Problem requirements: Copy the records that follow exactly as written, but not their pictures.
··· Data for analysis ···
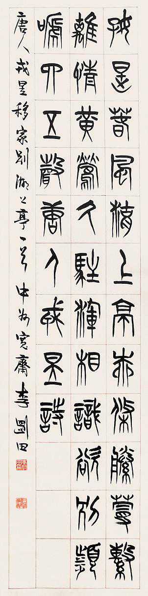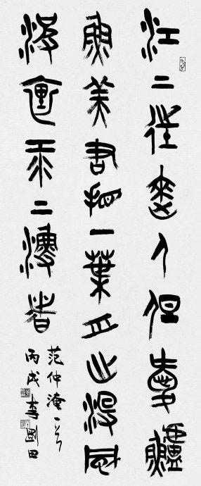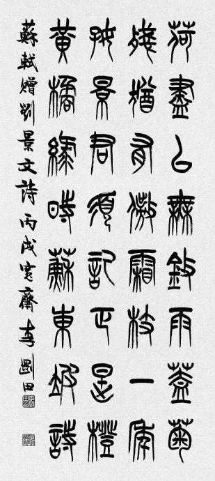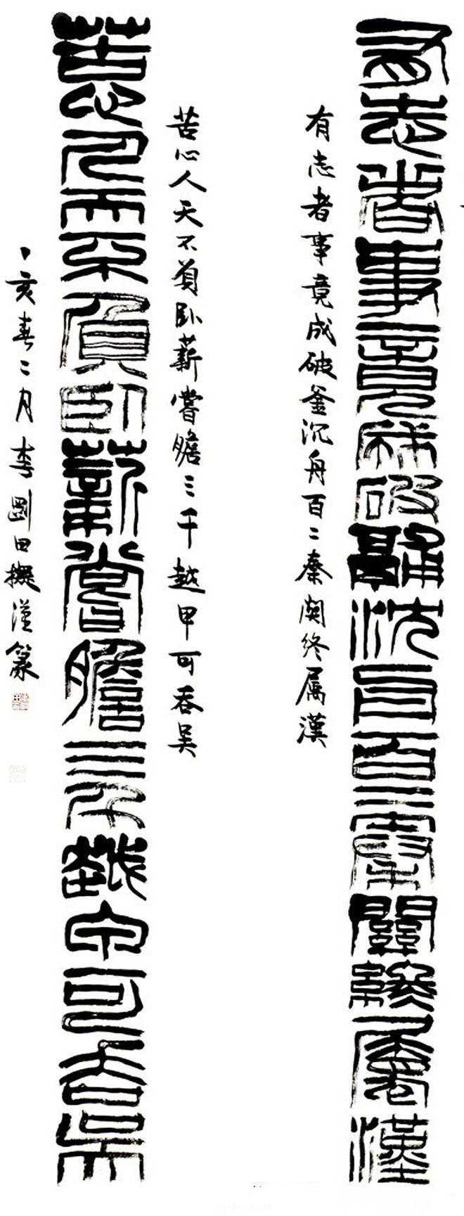 杜甫有句诗:“不薄今人爱古人,清词丽句必为邻。”这应该作为我们对篆书创作中理性与表现性的态度。没有理性的支撑就没有篆书,而没有表现性的手段就没有篆书艺术创作。在创作中,笔墨的律动、激情的宣泄,是立足于理性的基础上的,二者不可偏执,问题仍然是如何把握这个“度”,艺术创作的高下成败,其实只不过是作者把握“度”的能力的表现而已。
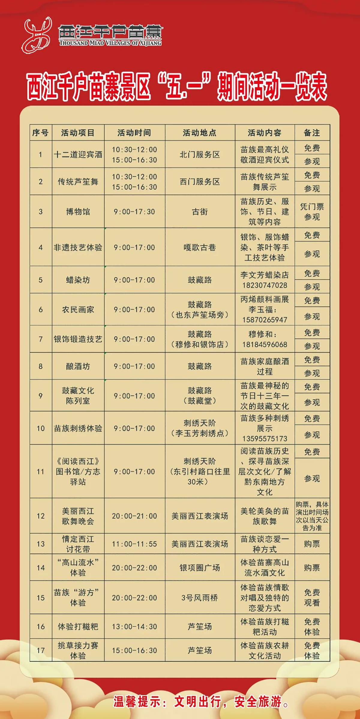 【 西江千户苗寨景区·五一精彩活动一览表 】
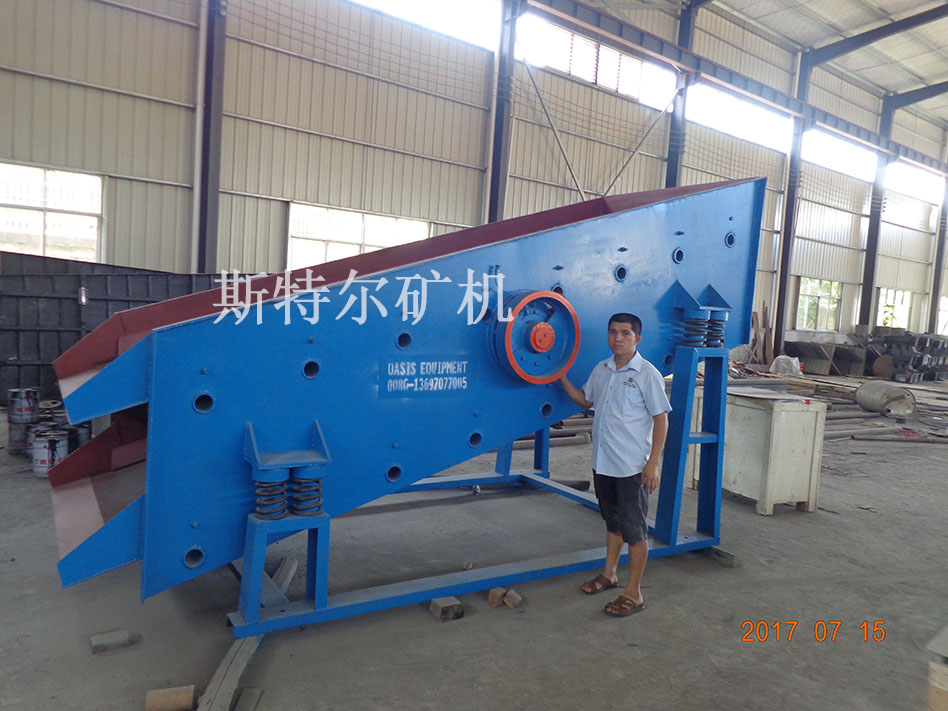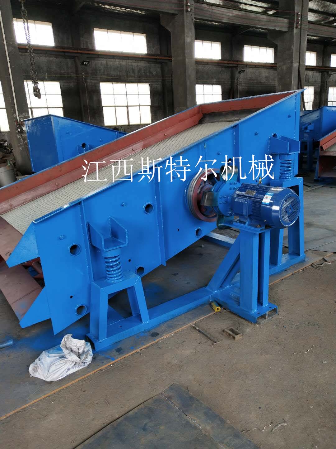 直線振動篩采用振動電機驅(qū)動,當(dāng)振動電機做同步、反向旋轉(zhuǎn)時,其偏心塊所產(chǎn)生的激振力在平行于電機軸線的方向相互抵消,在垂直于電機軸的方向疊為一合力,因此篩機的運動軌跡為一直線。其電機軸相對篩面有一傾角,在激振力和物料自重力的合力作用下,物料在篩面上被拋起跳躍式向前作直線運動,從而達到對物料進行篩選和分級的目的??捎糜诹魉€中實現(xiàn)自動化作業(yè)。具有能耗低、結(jié)構(gòu)簡單、易維修、全封閉結(jié)構(gòu)無粉塵溢散的特點。篩分目數(shù)細100目,可篩分出不同粒度的物料。
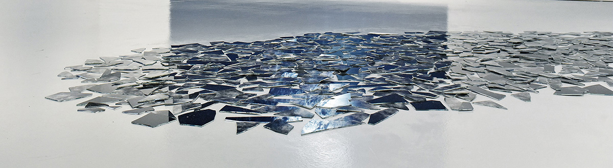 The elements on the ground show a starry sky whose image has been shattered, remaining silent after the fall. A sky that seemed unreachable, now descended to Earth and sharpened.
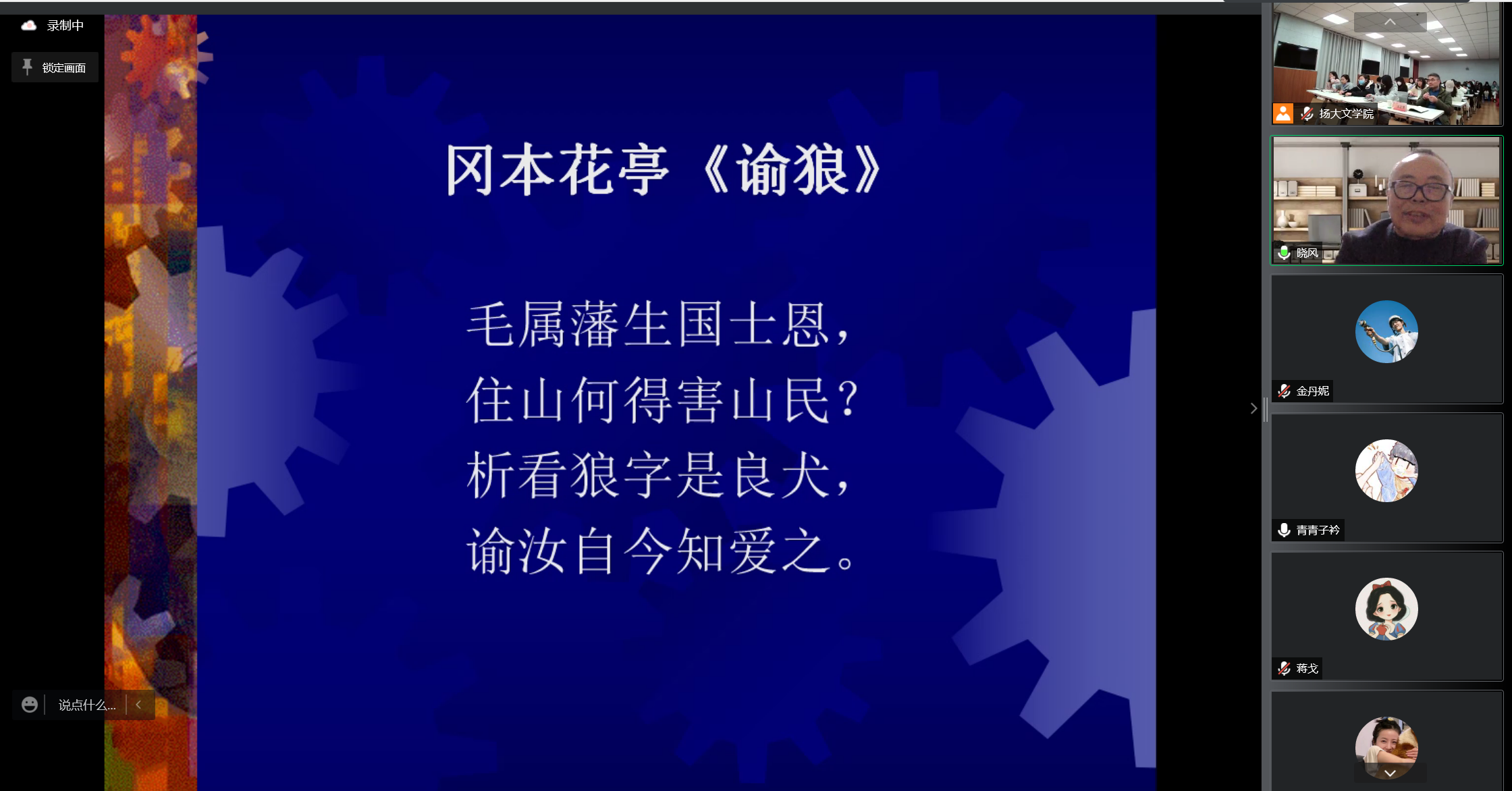 12月20日晚,国家级教学名师、教育部中文教指委委员、浙江工业大学教授、我院杰出校友肖瑞峰通过线上形式为师生做了题为《白居易与日本平安朝诗坛——经典传播与接受的一个案例》的讲座。讲座由院长王定勇教授主持。
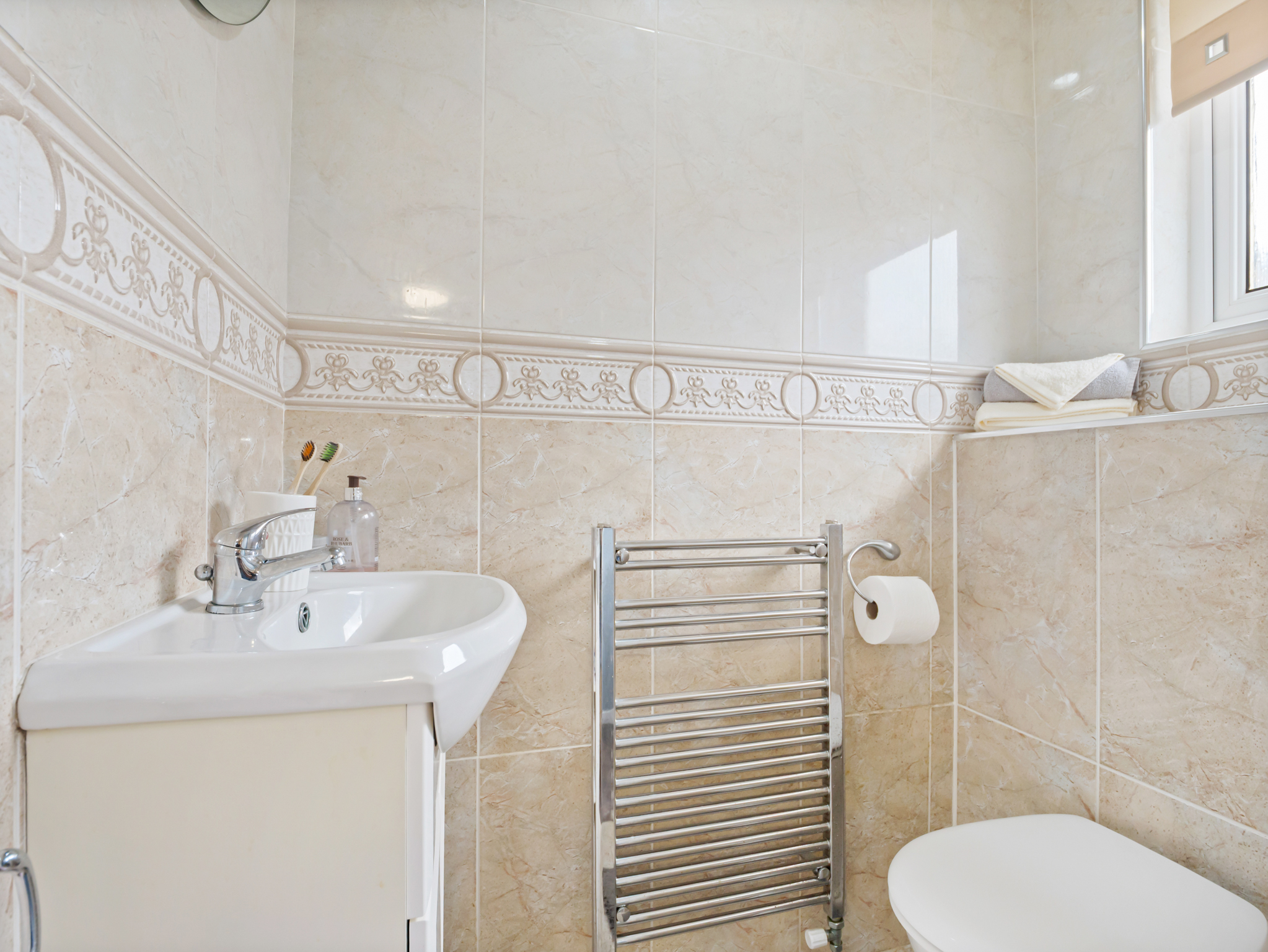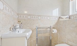 A convenient two-piece downstairs WC, fully tiled in neutral tones for a clean and modern finish. The space includes a wash basin and toilet, offering both practicality and style, with easy access from the kitchen diner and main living areas.
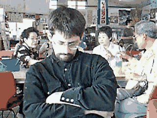 “Shôriya Aragôrô deep in thought,” from a short movie directed by Simon de Meguro, Kinkazan Island, “some years ago.” Image and quotes from Kabuki 21.
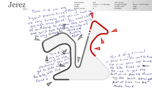 Σημεία όπου χρειάζονται ιδιαίτερη προσοχή, άλλα όπου κερδίζουν χρόνο, αυτά που είναι απαιτητικά από τη μοτοσυκλέτα και τα ελαστικά. Οι πληροφορίες αυτές συνδυάζονται με τους χρόνους στα αντίστοιχα τμήματα της πίστας, και αναλόγως οδηγούνται σε διαφορετικές ρυθμίσεις στις αναρτήσεις και τα ηλεκτρονικά βοηθήματα.
···
Answer space:
 杜甫有句诗:“不薄今人爱古人,清词丽句必为邻。”这应该作为我们对篆书创作中理性与表现性的态度。没有理性的支撑就没有篆书,而没有表现性的手段就没有篆书艺术创作。在创作中,笔墨的律动、激情的宣泄,是立足于理性的基础上的,二者不可偏执,问题仍然是如何把握这个“度”,艺术创作的高下成败,其实只不过是作者把握“度”的能力的表现而已。
 【 西江千户苗寨景区·五一精彩活动一览表 】
 直線振動篩采用振動電機驅(qū)動,當(dāng)振動電機做同步、反向旋轉(zhuǎn)時,其偏心塊所產(chǎn)生的激振力在平行于電機軸線的方向相互抵消,在垂直于電機軸的方向疊為一合力,因此篩機的運動軌跡為一直線。其電機軸相對篩面有一傾角,在激振力和物料自重力的合力作用下,物料在篩面上被拋起跳躍式向前作直線運動,從而達到對物料進行篩選和分級的目的??捎糜诹魉€中實現(xiàn)自動化作業(yè)。具有能耗低、結(jié)構(gòu)簡單、易維修、全封閉結(jié)構(gòu)無粉塵溢散的特點。篩分目數(shù)細100目,可篩分出不同粒度的物料。
 The elements on the ground show a starry sky whose image has been shattered, remaining silent after the fall. A sky that seemed unreachable, now descended to Earth and sharpened.
 12月20日晚,国家级教学名师、教育部中文教指委委员、浙江工业大学教授、我院杰出校友肖瑞峰通过线上形式为师生做了题为《白居易与日本平安朝诗坛——经典传播与接受的一个案例》的讲座。讲座由院长王定勇教授主持。
 A convenient two-piece downstairs WC, fully tiled in neutral tones for a clean and modern finish. The space includes a wash basin and toilet, offering both practicality and style, with easy access from the kitchen diner and main living areas.
 “Shôriya Aragôrô deep in thought,” from a short movie directed by Simon de Meguro, Kinkazan Island, “some years ago.” Image and quotes from Kabuki 21.
 Σημεία όπου χρειάζονται ιδιαίτερη προσοχή, άλλα όπου κερδίζουν χρόνο, αυτά που είναι απαιτητικά από τη μοτοσυκλέτα και τα ελαστικά. Οι πληροφορίες αυτές συνδυάζονται με τους χρόνους στα αντίστοιχα τμήματα της πίστας, και αναλόγως οδηγούνται σε διαφορετικές ρυθμίσεις στις αναρτήσεις και τα ηλεκτρονικά βοηθήματα.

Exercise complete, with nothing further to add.